A map has circulated showing the Islamic State’s five-year plan: a caliphate that stretches from the Iberian peninsula to western China, including all of India, north Africa, the Middle East, Asia Minor, and southeastern Europe. It’s an ambitious agenda.

According to an Islamic State spokesman, the map doesn’t show lands to be captured but, rather, lands to be liberated: “We will die for [the caliphate] until we open those occupied lands from Jakarta to Andalusia.” Andalusia’s a big deal to Islamists, who see it as their high-water mark. “Spain is the land of our ancestors and we will open it with the power of Allah.”

This is a good time, then, to talk about a touchy subject: empires and occupation. Nothing angers an Islamist like an infidel occupying Muslim land. The political Left has a taboo along the same lines; no memory is reviled like those of the old empires.
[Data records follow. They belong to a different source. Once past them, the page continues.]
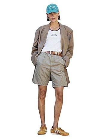 上下のベージュともなじみのいい深いイエローのスニーカー。ジャケットをハーフパンツでくずしたカジュアル感を引き継ぎながら、かっちりしたローファーや色がぱきっと出てしまう黒白スニーカーでは出せない軽快さを獲得できる。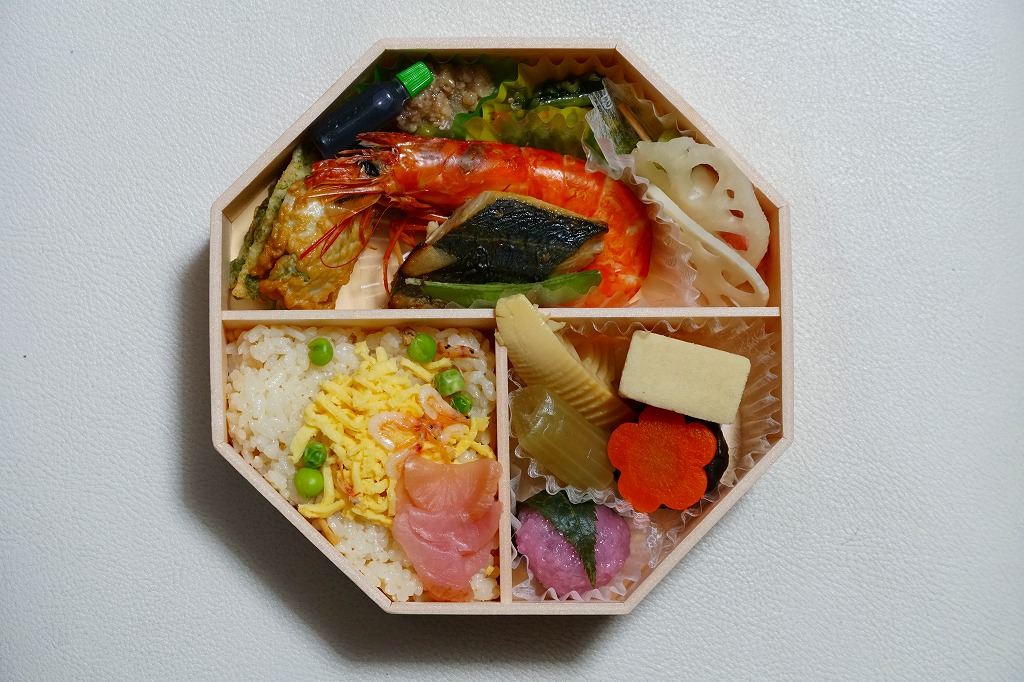 2000年代までには発売されていたらしい、春限定の駅弁。正八角形の容器を包む掛紙はサクラ色が満開で、小田原城も描かれる。中身はタケノコ御飯、タケノコや高野豆腐などの煮物と桜餅、有頭海老、サワラの山椒焼き、いんげん揚げ、ちくわ磯辺揚げ、みぶ菜漬、とりそぼろなど。エビで見栄えを華やかにした、タケノコのお弁当。小田原駅弁名物のとりそぼろにも、普段からタケノコが混じる。価格は2011年時点で1,100円、2023年時点で1,200円、2024年時点で1,300円。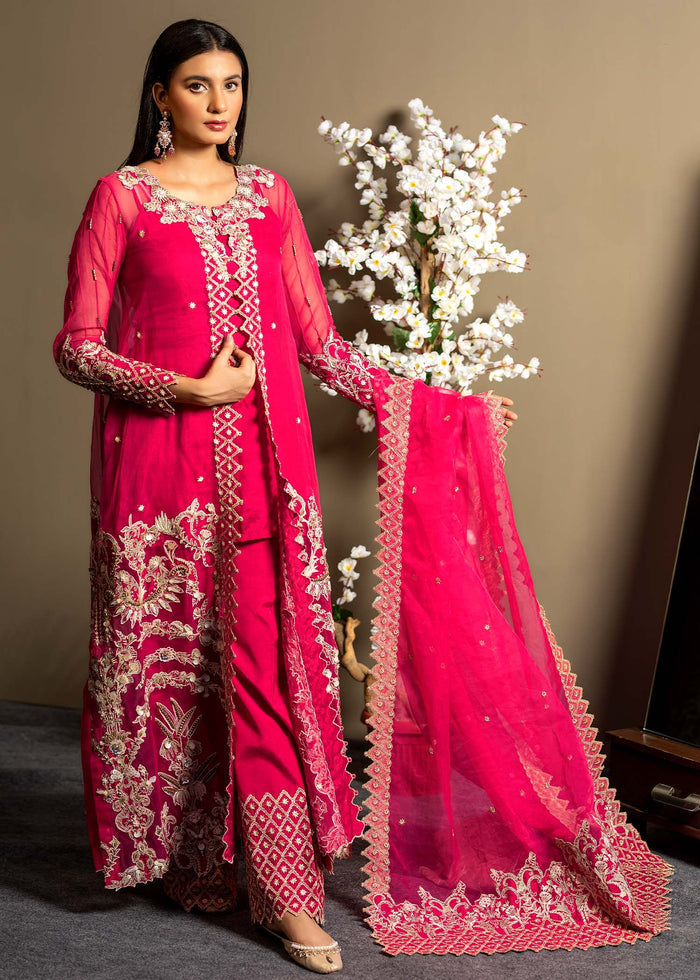 Description: Shocking pink front open gown embroidered and embellished on shirt's front and sleeves ,paired with embroidered border pant and embroidered border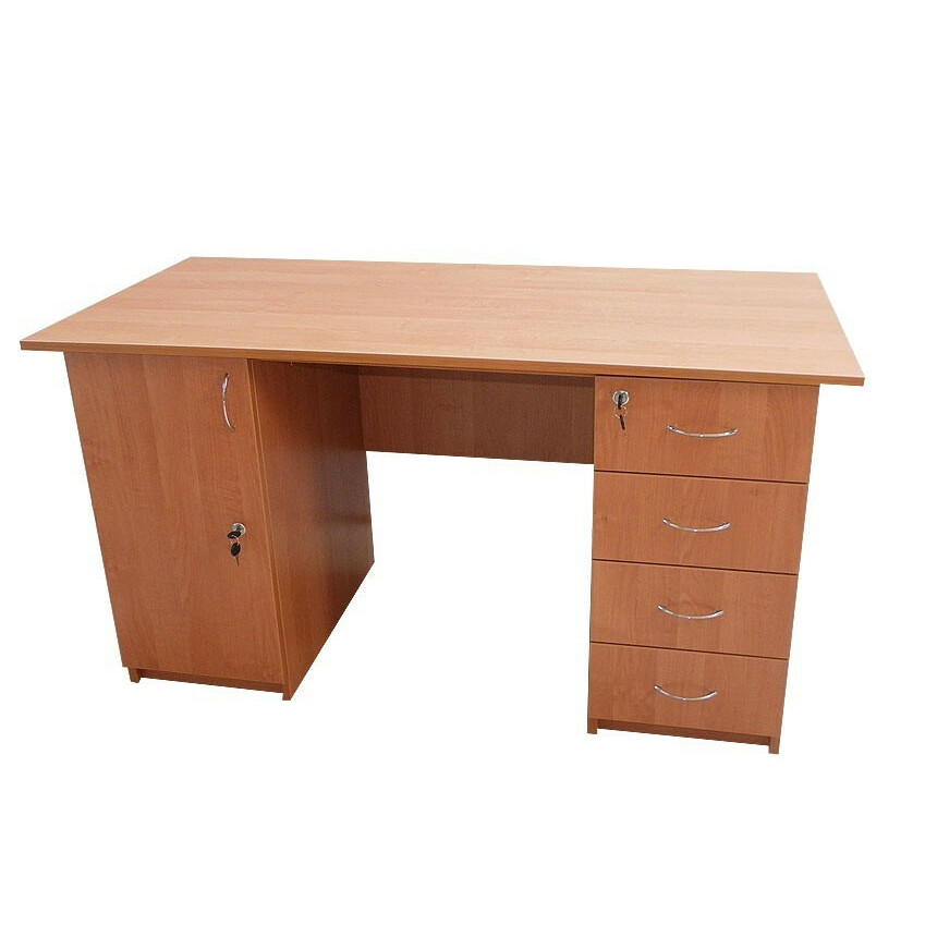 Biurko wykonane z płyty laminowanej w standardowym kolorze buk. 18mm (możliwe inne kolory do wyboru). Widoczne krawędzie zabezpieczone zostały obrzeżem PCV. Prezentowany model wyposażony jest w zamykaną szafkę w której znajduje się półka oraz 4 szuflady. Szuflady oraz szafka otwierane są za pomocą metalowych uchwytów. Szeroki blat z pewnością pozwoli na wygodną pracę oraz naukę.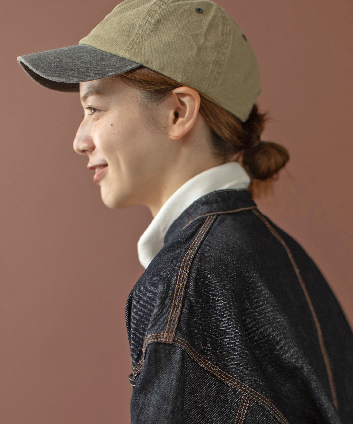 ニューヨークで生まれた帽子ブランド“NEWHATTAN”のボディを使用。古着のような雰囲気のツートーンキャップにオリジナル図案の刺繍を施しました。刺繍のカラーや大きさなど微調整を重ね、こなれ感のある仕上がりに。オールシーズン気軽に使えるコットン素材が嬉しい。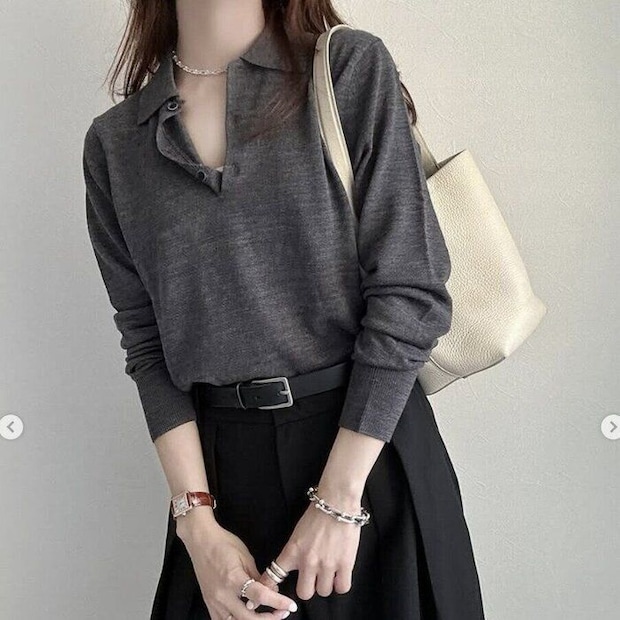 93_0920さんは「メリノポロセーター」を購入。細身だけど締めつけ感のない絶妙なシルエットで、上半身を華奢に見せてくれます。前ボタンを開けて肌見せすると、首元がすっきりとし、顔周りも明るくなること間違いなしっ♪ 若干光沢のある素材なので、華やかで上品な印象に!カジュアルにもオフィスシーンにも役立つ一枚です。

In some ways, the anti-imperialists are right — historically, empires have been a hit-or-miss proposition. The British Empire built roads and schools, the Roman Empire built roads and baths and murdered a great many people, the Mongol Empire murdered a great many people and built a pyramid using 90,000 of their heads. But whether or not empires deserve the hatred that has been heaped on them since World War II, they’re mostly a thing of the past. The Mongols rule only Mongolia, the Romans have melted into a nation of well-dressed womanizers, and the sun sets on Britain every day. With the Soviet Union gone for 20 years now, there’s really just one great empire left: the Arab Empire.

The Arab League covers 5 million square miles, stretching from the Persian Gulf to Africa’s west coast. When people think of indigenous peoples of the Middle East, they think of Arabs — but in the grand scheme, the Arabs are new to most of the territory they control. Striking out from the Arabian Peninsula around 600 a.d. with their new Muslim message, they conquered, converted, and murdered their way into ethnic dominance from Iraq to Morocco. Today’s Egyptians are not descendants of the Egyptians who built the pyramids — though the bitterly oppressed Copts might be. Moab and the Moabites have disappeared, the Lebanese of antiquity were Phoenician, the Philistines were not Palestinian. In fact, only one nation west of Persia weathered the storm of Arab expansion and reestablished self-governance: the Judeans.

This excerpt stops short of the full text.